• Exercise materials:
┄┄┄┄┄┄┄┄┄┄

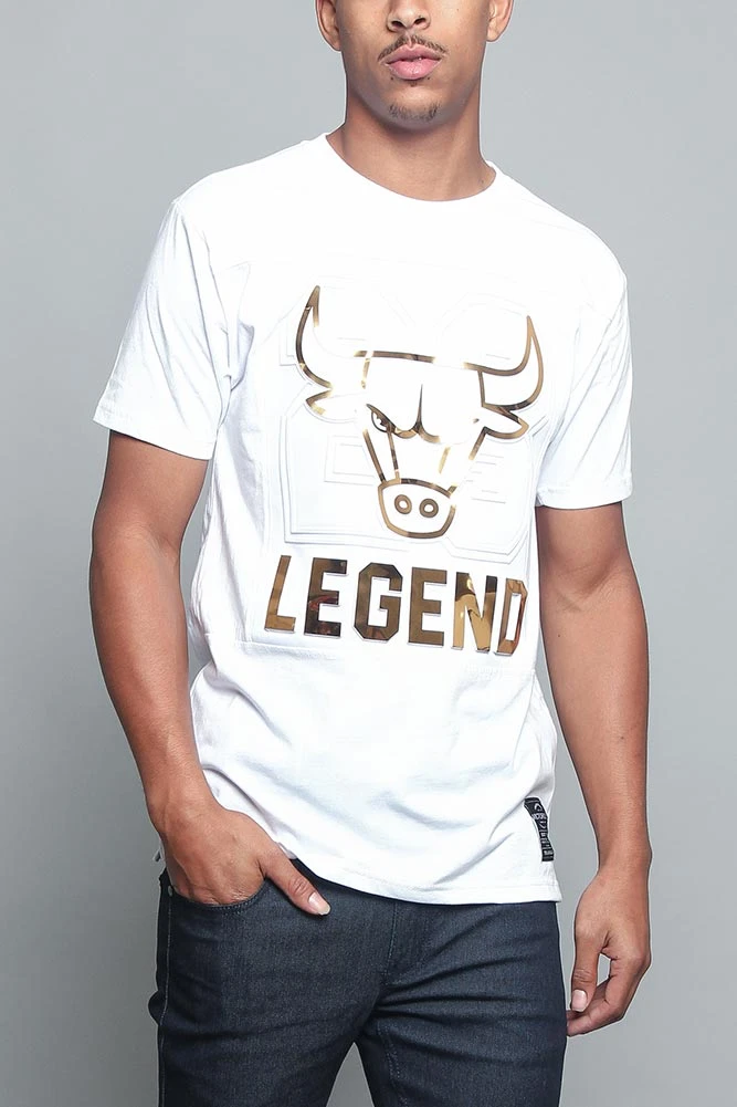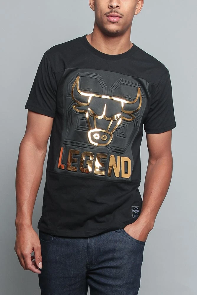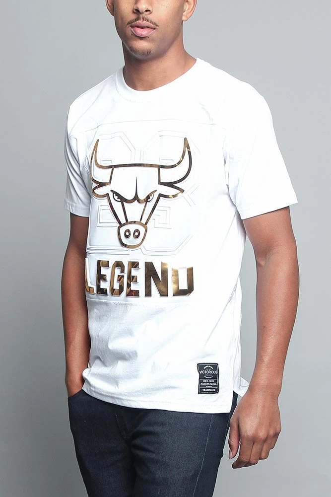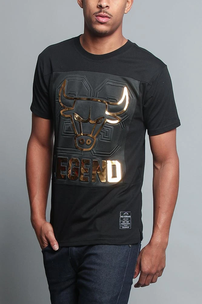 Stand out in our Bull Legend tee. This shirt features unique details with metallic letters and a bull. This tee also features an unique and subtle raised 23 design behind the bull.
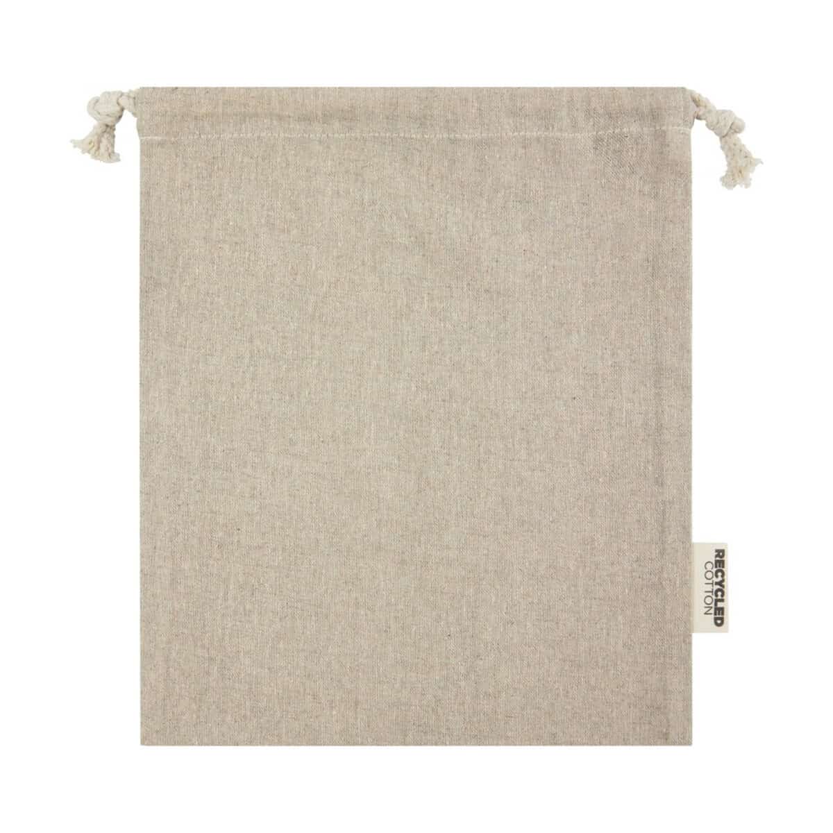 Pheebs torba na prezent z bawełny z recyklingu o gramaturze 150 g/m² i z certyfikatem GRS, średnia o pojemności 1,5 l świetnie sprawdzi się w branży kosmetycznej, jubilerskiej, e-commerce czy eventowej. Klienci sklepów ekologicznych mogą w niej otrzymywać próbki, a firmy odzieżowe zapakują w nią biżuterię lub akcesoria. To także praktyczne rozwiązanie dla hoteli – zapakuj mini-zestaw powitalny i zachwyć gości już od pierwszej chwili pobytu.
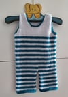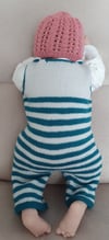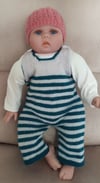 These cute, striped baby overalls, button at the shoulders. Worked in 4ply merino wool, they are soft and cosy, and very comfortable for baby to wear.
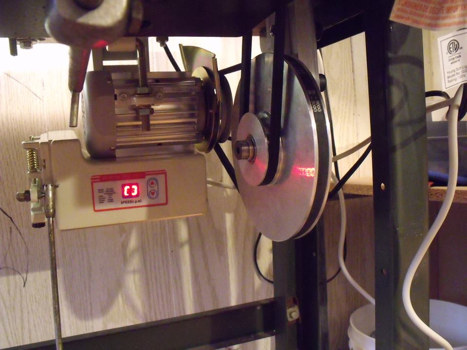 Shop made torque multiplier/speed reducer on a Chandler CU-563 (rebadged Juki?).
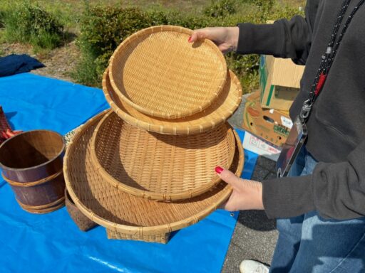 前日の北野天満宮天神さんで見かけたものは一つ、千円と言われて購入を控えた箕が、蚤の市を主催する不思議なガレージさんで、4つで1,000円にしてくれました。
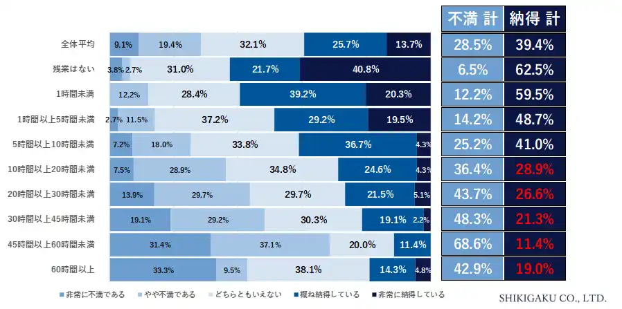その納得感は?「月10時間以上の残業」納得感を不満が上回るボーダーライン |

┄┄┄┄┄┄┄┄┄┄

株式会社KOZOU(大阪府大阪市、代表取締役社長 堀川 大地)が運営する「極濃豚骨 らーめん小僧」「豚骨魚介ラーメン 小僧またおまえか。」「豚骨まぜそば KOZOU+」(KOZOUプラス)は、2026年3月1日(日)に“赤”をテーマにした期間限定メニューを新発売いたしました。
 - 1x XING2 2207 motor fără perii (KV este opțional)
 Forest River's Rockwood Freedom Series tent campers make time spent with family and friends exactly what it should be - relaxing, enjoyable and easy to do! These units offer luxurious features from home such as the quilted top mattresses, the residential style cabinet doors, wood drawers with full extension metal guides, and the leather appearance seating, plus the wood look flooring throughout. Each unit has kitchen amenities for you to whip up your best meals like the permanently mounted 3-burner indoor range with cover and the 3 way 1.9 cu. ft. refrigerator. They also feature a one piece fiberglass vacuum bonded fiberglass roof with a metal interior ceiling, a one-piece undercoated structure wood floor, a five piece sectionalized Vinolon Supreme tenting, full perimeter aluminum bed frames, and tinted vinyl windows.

┄┄┄┄┄┄┄┄┄┄

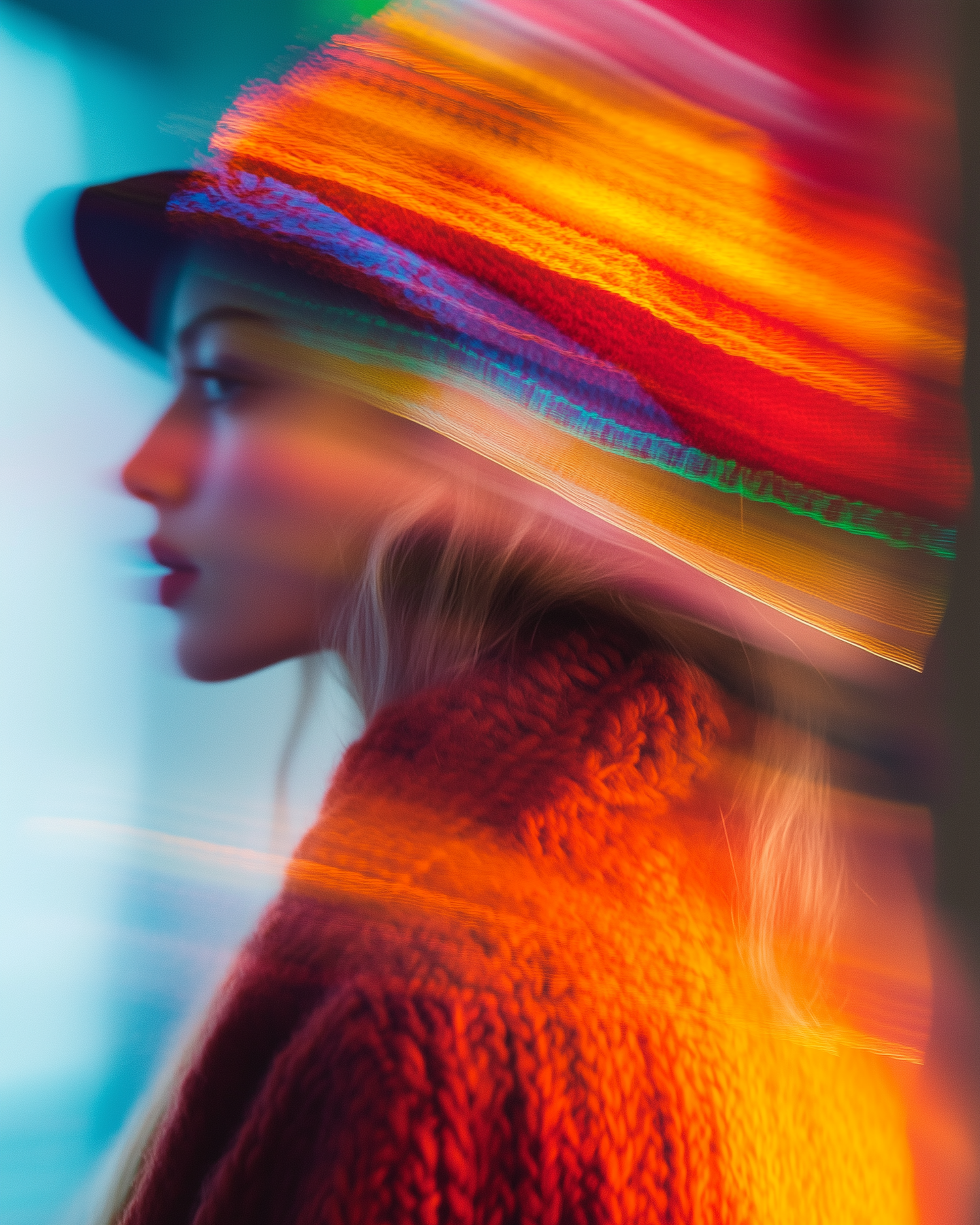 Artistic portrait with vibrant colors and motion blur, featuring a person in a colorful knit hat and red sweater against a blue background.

┄┄┄┄┄┄┄┄┄┄

• Task directions:
Copy only these lines from the records above, exactly: the one with "Pheebs torba na", the one with "These cute, striped", and those between. Skip the pictures.

• Exercise result:
 Pheebs torba na prezent z bawełny z recyklingu o gramaturze 150 g/m² i z certyfikatem GRS, średnia o pojemności 1,5 l świetnie sprawdzi się w branży kosmetycznej, jubilerskiej, e-commerce czy eventowej. Klienci sklepów ekologicznych mogą w niej otrzymywać próbki, a firmy odzieżowe zapakują w nią biżuterię lub akcesoria. To także praktyczne rozwiązanie dla hoteli – zapakuj mini-zestaw powitalny i zachwyć gości już od pierwszej chwili pobytu.
 These cute, striped baby overalls, button at the shoulders. Worked in 4ply merino wool, they are soft and cosy, and very comfortable for baby to wear.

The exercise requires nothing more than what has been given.